Let me help you both out. This is an excerpt from a famous essay by Stanley Fish: "Why No One's Afraid of Wolfgang Iser" (in Doing What Comes Naturally, 1989). It's an elegant essay and, I think, you'll immediately see why your arguments reminded me of it.

But the asking of hard questions is not something the theory encourages, and indeed its weaknesses from one point of view are its strengths from another. By defining his key terms in a number of ways, Iser provides himself in advance with a storehouse of defensive strategies. A theory that characterizes reality in on place as a set of determinate objects, and in another place as the product of "thought systems," and in a third place as a heterogeneous flux will not be embarrassed by any question you might put to it. It is a marvelous machine whose very loose-jointedness makes it invulnerable to a frontal assault (including, no doubt, the assault I am now mounting). It is in fact not a theory at all, but a piece of literature that satisfied Iser's own criteria for an "aesthetic object"...

I think you can see how this, after swapping out a few terms, would work rather nicely with your arguments against Rand. I think it's ironic that the same argument Fish launched against Iser, whose theory revolves around subjectivity and pluralism, has been made against Rand.

Switching gears.

Regarding morality: do you agree with Rand's definition?

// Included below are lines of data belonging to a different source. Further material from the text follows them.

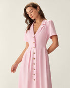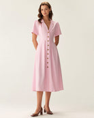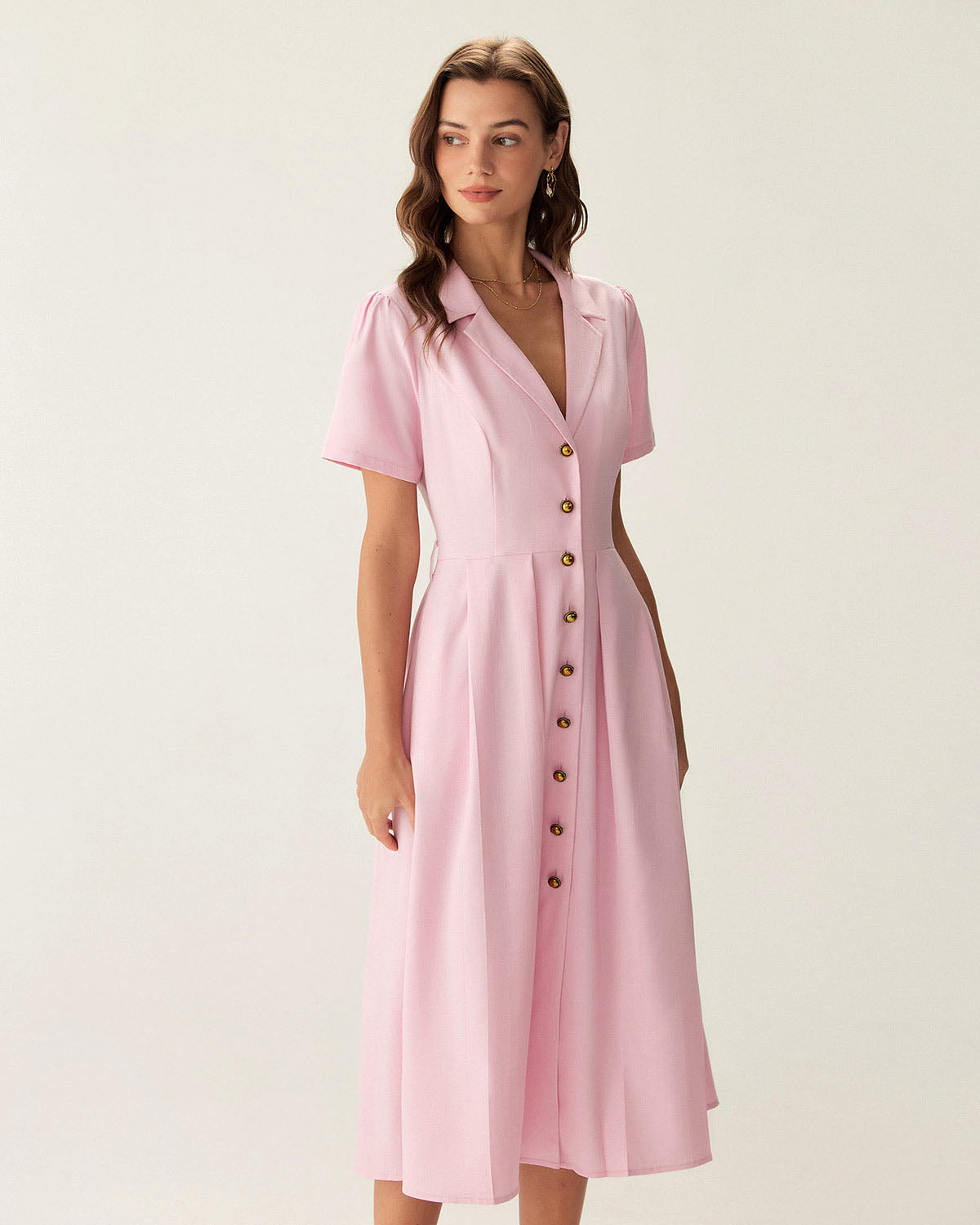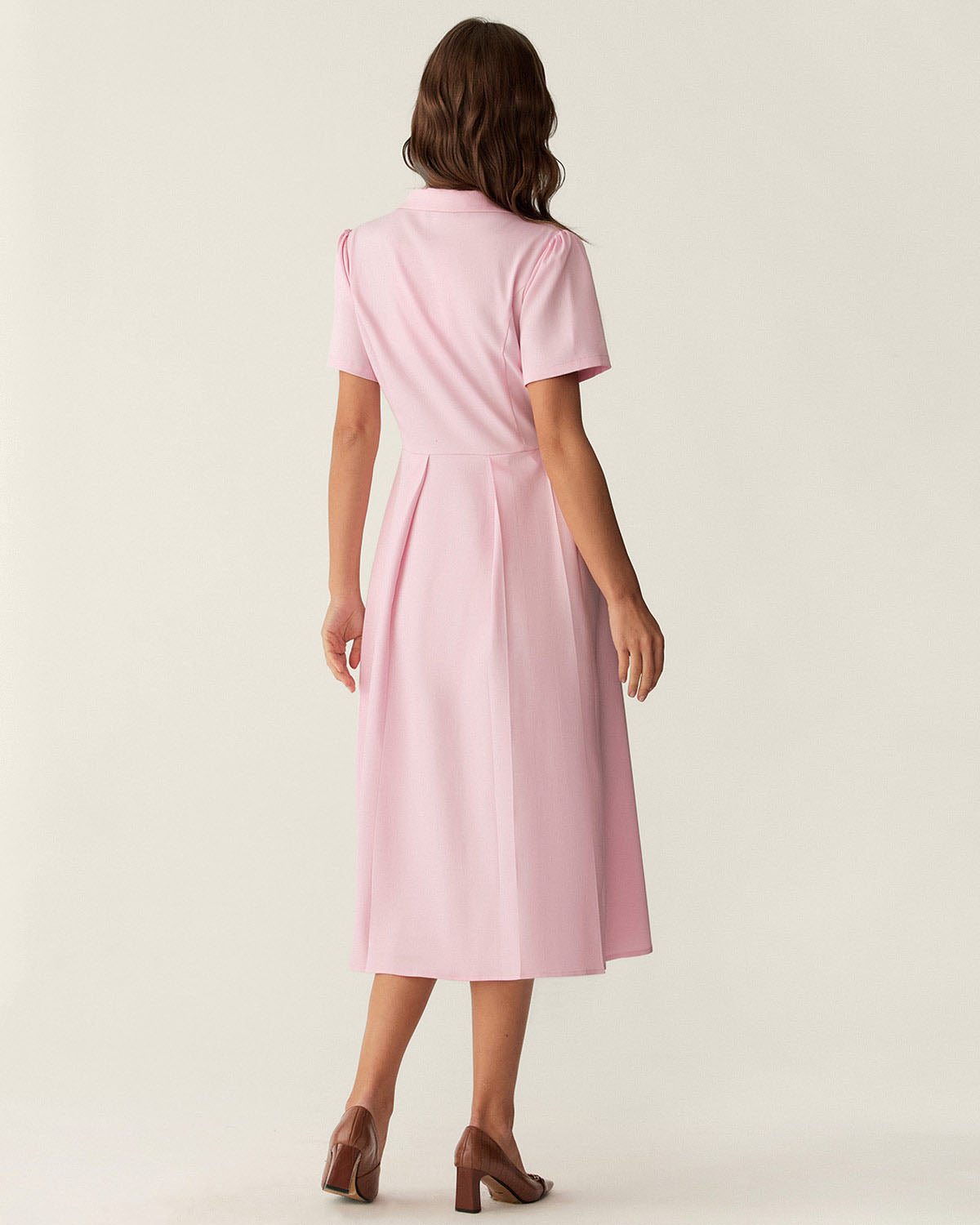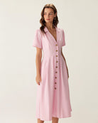 Belltoile™ Pembe V Yaka Pileli Düğmeli Midi Elbise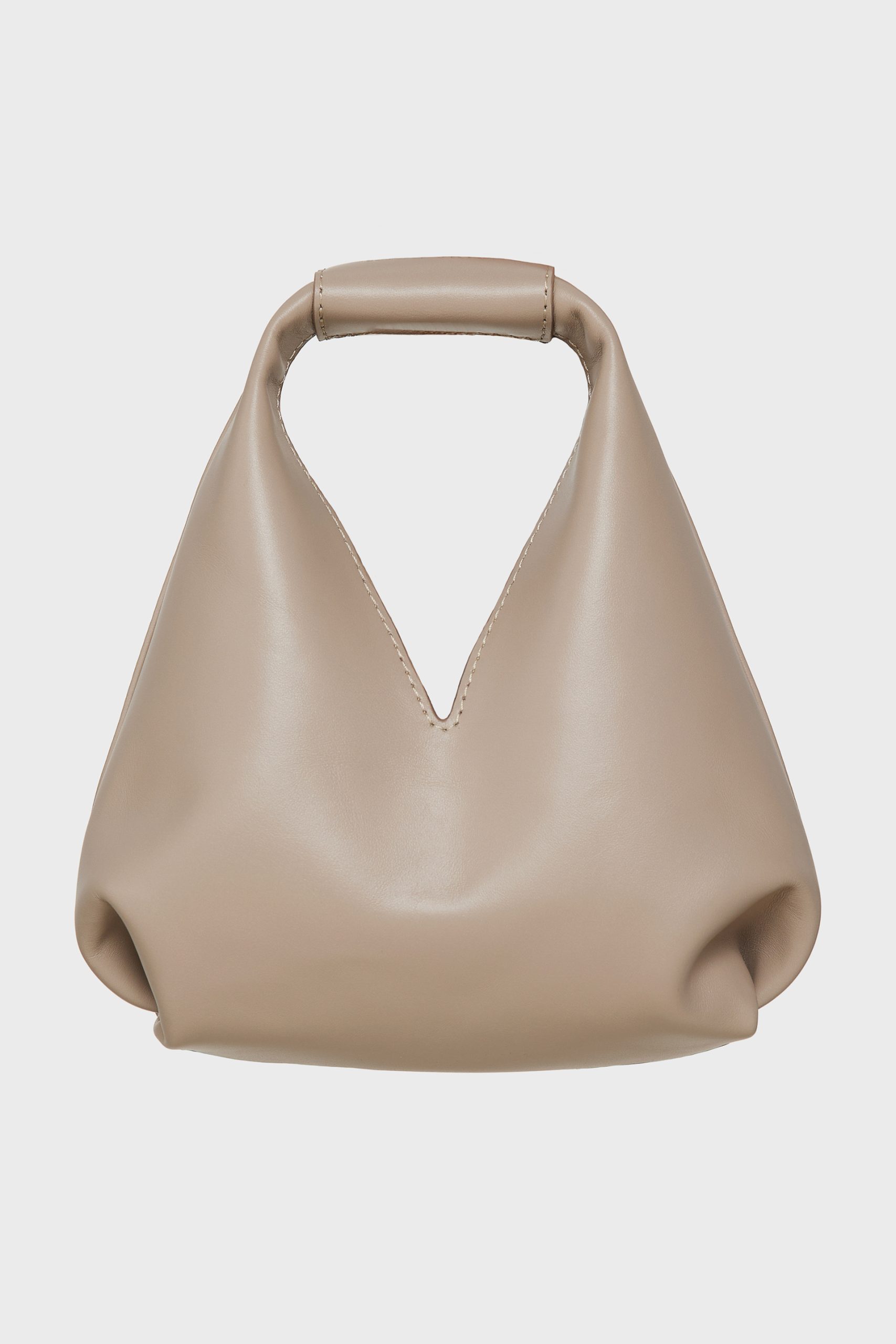 Δερμάτινη τσάντα σε γκρι χρώμα.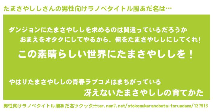 | 意味不明あだ名 | 『住所不定無職たまさやしし(77歳)』 |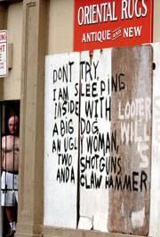 Rug business owner Bob Ru stands in the doorway next to his makeshift warning sign for looters. Five days after Katrina, a walk through New Orleans has become a walk through hell.

Rand: "What is morality, or ethics? It is a code of values to guide man’s choices and actions—the choices and actions that determine the purpose and the course of his life." (TVOS, p.13)

If yes, then this implies all kinds of moral codes of values out there, since they all have the purpose of "guiding man's choices and actions that determine the purpose and the course of his life."

I'd agree, this definition does imply all kinds of moral codes and values, but I don't think it's correct to conclude that Rand intended it to mean that any code of values is moral and ethical. Seeing as this was on page 13, I think it's more accurate to say that she was simply defining what constitutes morality or ethics - not what makes a moral code of values moral or ethical.

The question is if there exists such a thing as a "wrong" definition. Either it is a definition or it is not.

For example, it I told you the definition of "fork" is "a round object soccer players use to score goals", this is not a "wrong definition" - it is simply no definition of the term 'fork'.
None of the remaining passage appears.